Agentic workflows move from demos to production playbooks

Teams are replacing one-shot prompts with planner, executor, reviewer, and tool-calling loops. The practical shift is not magic autonomy; it is better task decomposition, state tracking, and verification.

Use agents for multi-step work, not every chat.
Add checkpoints and logs before giving agents write access.
Human review remains the highest-value safety layer.

What changed

The agent conversation has matured from impressive browser demos into repeatable operating patterns. The strongest teams are not asking for unlimited autonomy. They define what the agent may do, what it must verify, when it must stop, and which actions require a human approval step. This turns agents into controlled workflow components rather than unpredictable black boxes.

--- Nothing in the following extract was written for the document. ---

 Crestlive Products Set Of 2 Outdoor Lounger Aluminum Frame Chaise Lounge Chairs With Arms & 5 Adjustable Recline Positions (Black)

  • Planner-executor-reviewer loops are easier to debug than opaque autonomy.
  • Tool logs and state snapshots matter as much as the model prompt.
  • Useful agents often operate inside narrow business workflows.

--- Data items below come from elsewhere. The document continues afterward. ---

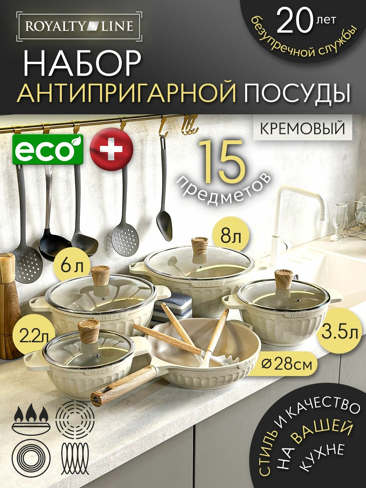Отзывы на Набор посуды 15 предметов для приготовления Royalty Line OSFE с мраморным покрытием, антипригарная, кремовый
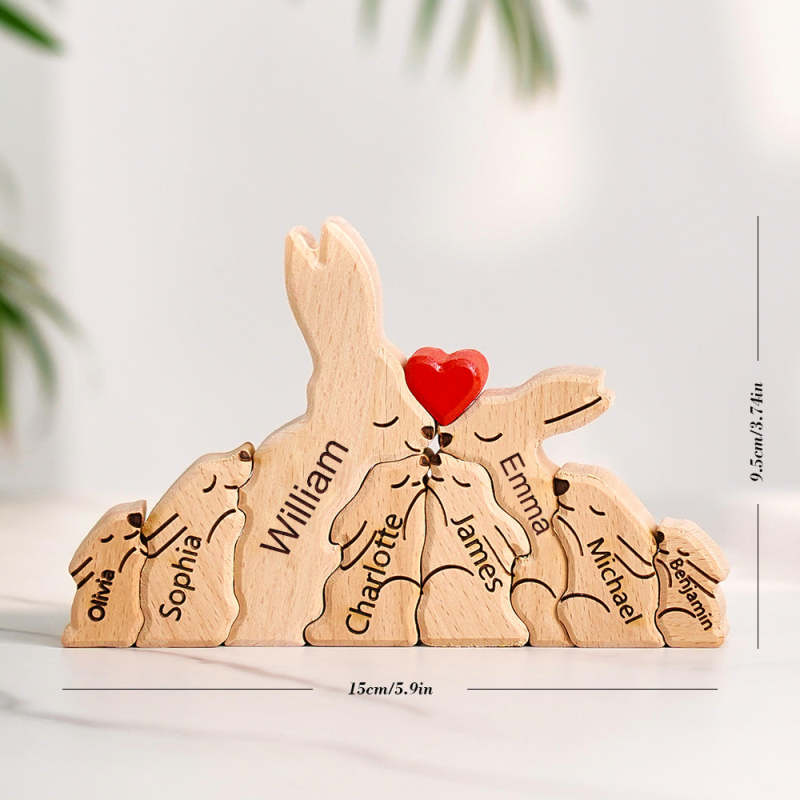 Wooden Rabbit Family Puzzle Custom Names House Warming Gifts Home Decor
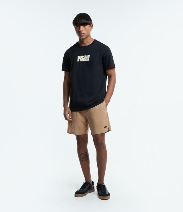 Bermuda masculina confeccionada em poliéster, com cós elástico e amarração na cintura. Possui padronagem liso mescla e bolsinho traseiro com zíper.
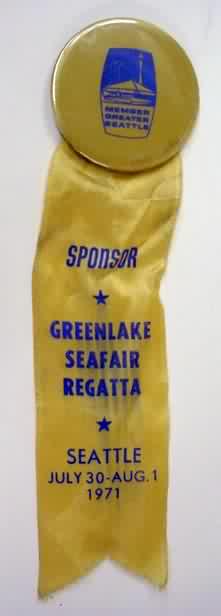 Seattle 1971 GREENLAKE SEAFAIR REGATTA SPONSOR Badge & Ribbon. blue on gold 2.25" diameter celluloid pinback button with 2" wide ribbon blue on golden yellow ribbon. Overall 8.5" long. scarce. colors bright and vivid. wrinkles in ribbon. overall near mint or better. 34.50
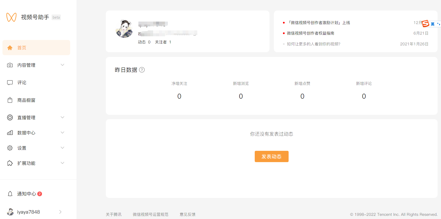 移动端可以再微信搜索“视频号助手”,或者在电脑端搜索打开视频号助手https://channels.weixin.qq.com/,对于视频号的管理手机上可以操作,但是功能有限,其实PC端可以对视频号进行更多管理,如下操作页面:
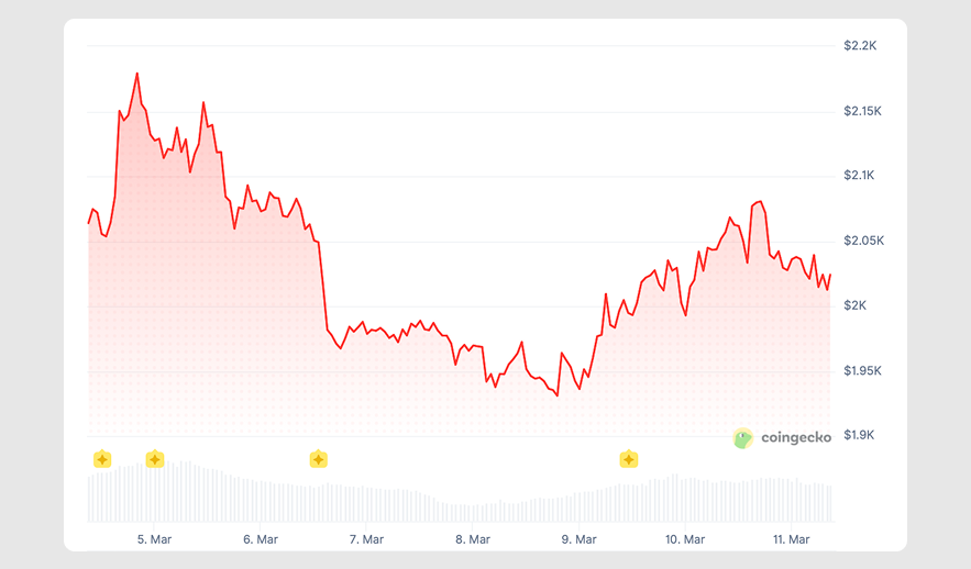 ETH tracked BTC's trajectory, nearly touching $2,180 on March 4 before declining. It fell below $2k on March 6, rebounded from roughly $1,930, and topped out at $2,018.71 on March 10. Since then, it's been trading lower.
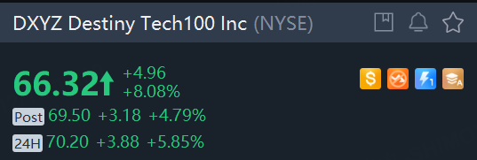 Destiny Tech100 Inc rallied 5.8% in overnight after soaring 8% on Wednesday.
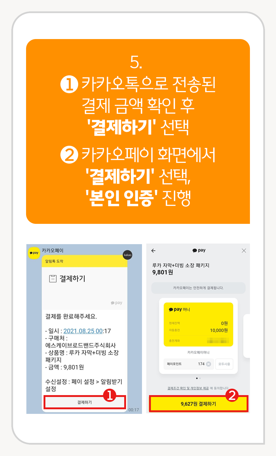 5-2 카카오페이 화면에서 [결제하기] 선택, [본인 인증] 진행
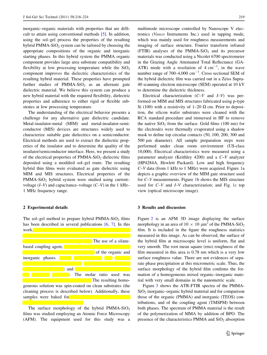 摘要:有机-无机杂化薄膜采用改进的溶胶-凝胶法制备。用正硅酸乙酯为无机(SiO2)源,用甲基丙烯酸甲酯(MMA)作为有机源,3-trimetoxysi-lylpropyl丙烯酸甲酯作为偶联剂。制薄膜的方法是在Si(100)p型玻璃基片上旋涂并在90摄氏度环境下热处理成型。傅立叶变幻红外光谱扫描显示了杂化薄膜中PMMA相和SiO2相的结构的吸收频带。电容-电压(C-V)特性测定是在金属-绝缘体-金属(MIM)和金属-绝缘体-半导体(MIS)构造物上展开的,杂化薄膜在其中当作绝缘体来评估其电性能。我们对在1 kHz–1MHz 的频段范围的C-V特性得出的介电常数提出了详细的比较分析。我们在1MHz上获得的PMMA-SiO2的介电常数值是9.5,优于报导中的热生长SiO2和纯PMMA的介电常数值。PMMA-SiO2的硅的界面态密度大约是1010cm-2 ,这比得上标准的SiO2/Si结构。由于他拥有良好的电特性,加工温度低,而且它的后续的实际生产并不需要复杂设备,这一杂化介质非常被看好成为灵敏电子元件的候选材料。
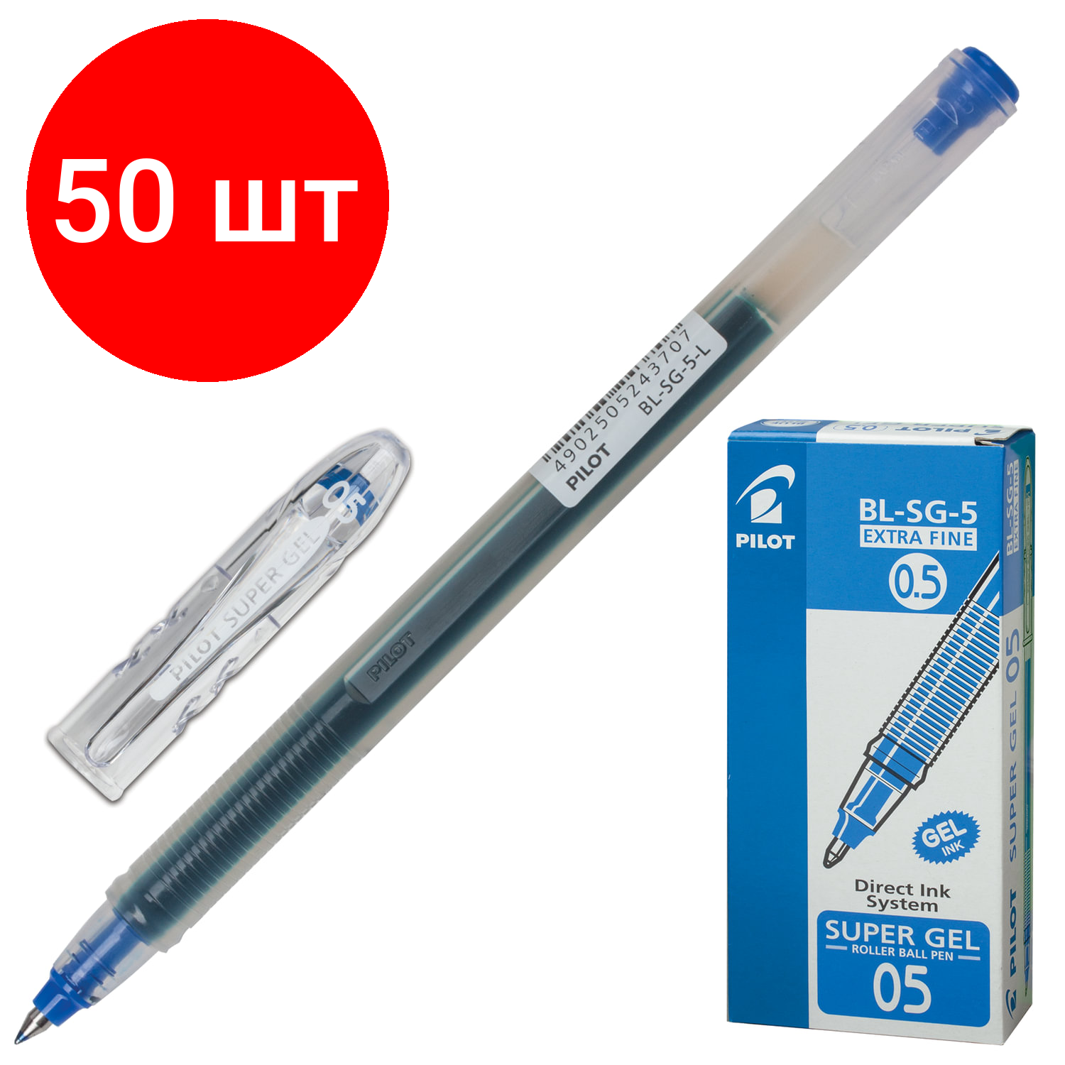 10 цен на Комплект 50 шт, Ручка гелевая PILOT "Super Gel", синяя, корпус прозрачный, узел 0.5 мм, линия письма 0.3 мм, BL-SG-5

Where teams are seeing value

The best early use cases are work streams that already have a visible process: vendor research, ticket triage, sales account preparation, pull request summaries, compliance checks, and recurring reports. These jobs have enough structure for an agent to follow and enough repetition to justify workflow investment.

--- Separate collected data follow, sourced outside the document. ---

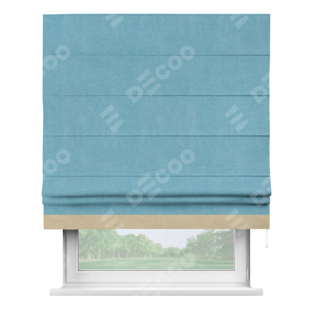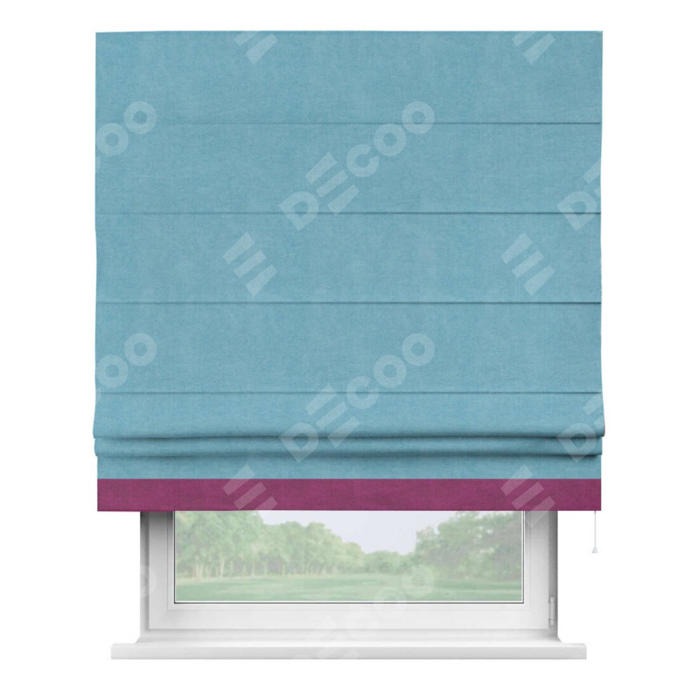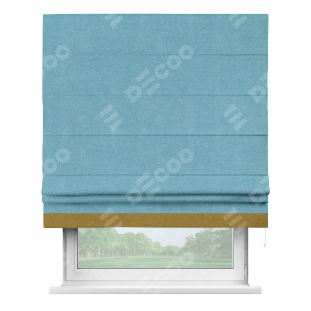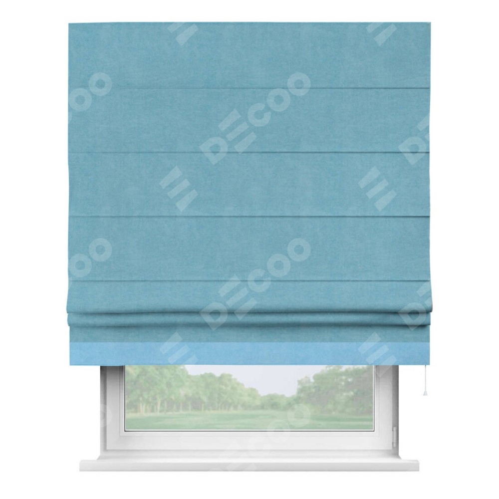 Римская штора производителя «Cortin», используется для проёма, пошита из ткани вельвет ментоловый, артикул ткани 10443. Отделка шторы кантом «Джестер», ткань для канта используется из вельвета разной расцветки на выбор. Имеет универсальный механизм и подходит для монтажа: на потолок, на стену и в нишу.
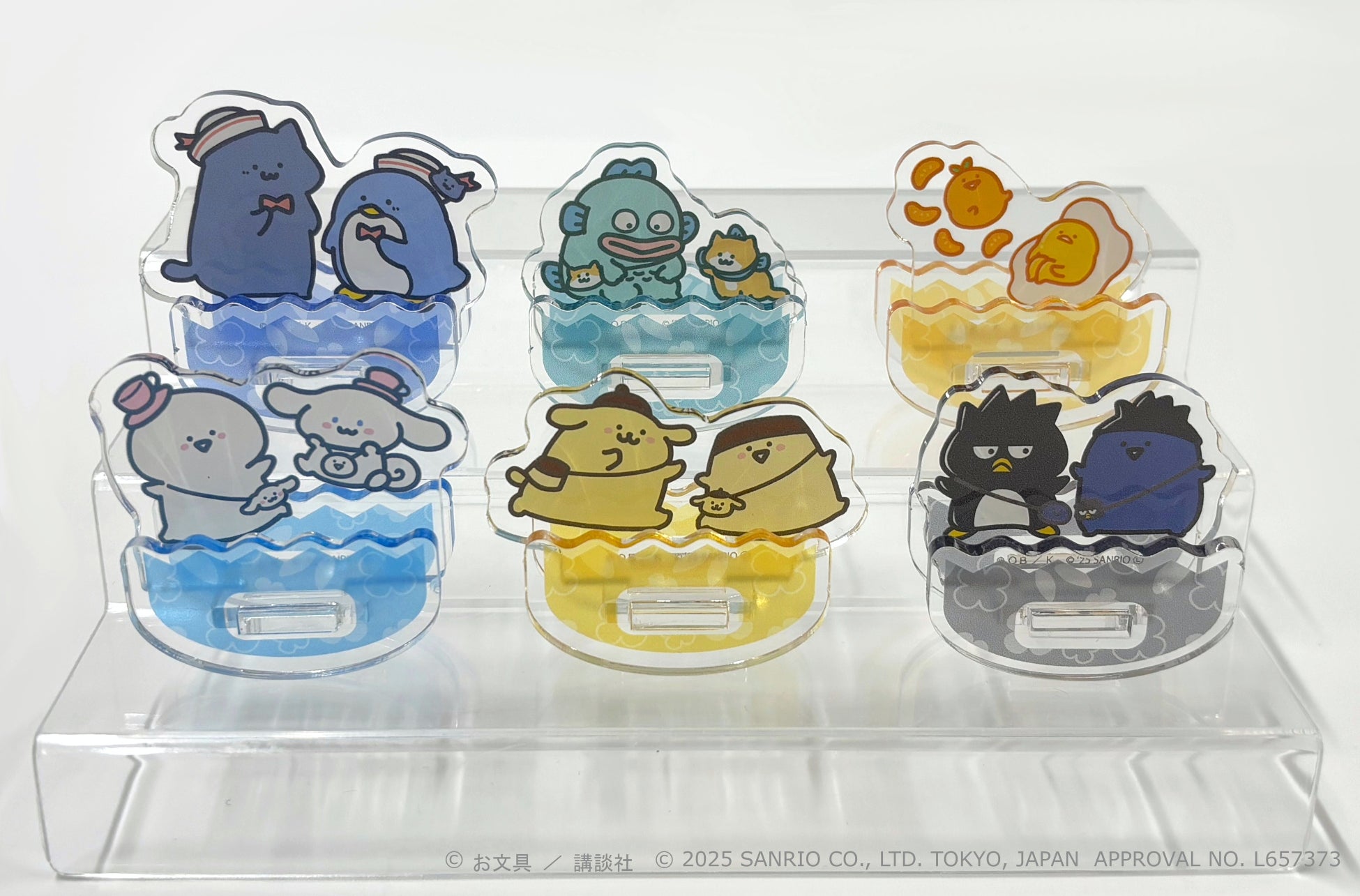 ナスカン部分が星型になっているポップなデザインのアクリルキーホルダーです。同じポーズをするほど仲良しな様子のお文具さんとサンリオキャラクターズが愛おしすぎる……!
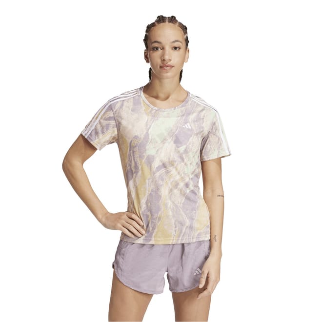This adidas top is designed for sporting activity, featuring a marble pattern and a crew neck. The short raglan sleeves and regular fit ensure comfort and performance. -
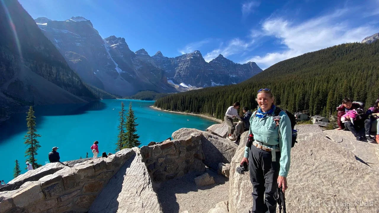 The shuttle ride to Moraine Lake is much longer than the ride to Lake Louise, about a 25 minute drive. After taking a quick bathroom break, we headed up the short trail for the Rock Pile to get some pictures of Moraine Lake. The Rock Pile Trail is only half a mile with an elevation gain of 32 feet.
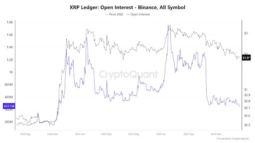 %? 📉 Открытый интерес XRP на Binance снизился до $453 млн, что является самым низким показателем с конца прошлого года. Это может быть 📈 бычьим сигналом, поскольку низкий открытый интерес часто предшествует крупным ралли, как это было ранее, когда XRP вырос на 600%. Снижение спекулятивной активности создает более здоровую рыночную среду, ориентированную на спотовый спрос. 📊 Ключевые моменты: - Открытый интерес XRP снизился до $453 млн. - Снижение указывает на выход краткосрочных спекулянтов и уменьшение использования кредитного плеча. - Исторически, периоды низкого открытого интереса предшествовали значительным ценовым ралли. - Аналитики предполагают возможное формирование нового высокого минимума, с потенциалом прорыва выше $2 и достижения $4.5 в первой половине следующего года. - Текущая цена XRP: $1.84.

  • Research workflows benefit from source collection and synthesis.
  • Engineering workflows benefit from repo context, tests, and review summaries.
  • Operations workflows benefit from routing, enrichment, and draft communication.

How to apply it

Start with read-only access and a narrow task. Ask the agent to create a plan, execute one step, show evidence, and wait for approval before moving to the next step. Once the behavior is stable, add limited write actions such as creating a draft, opening a ticket, or updating a non-critical field.

Risks to watch

The failure mode is not only hallucination. Agents can also call the wrong tool, use stale context, loop without progress, or make a correct-looking change in the wrong system. Production agent workflows need logs, retry limits, permission boundaries, and human review for irreversible actions.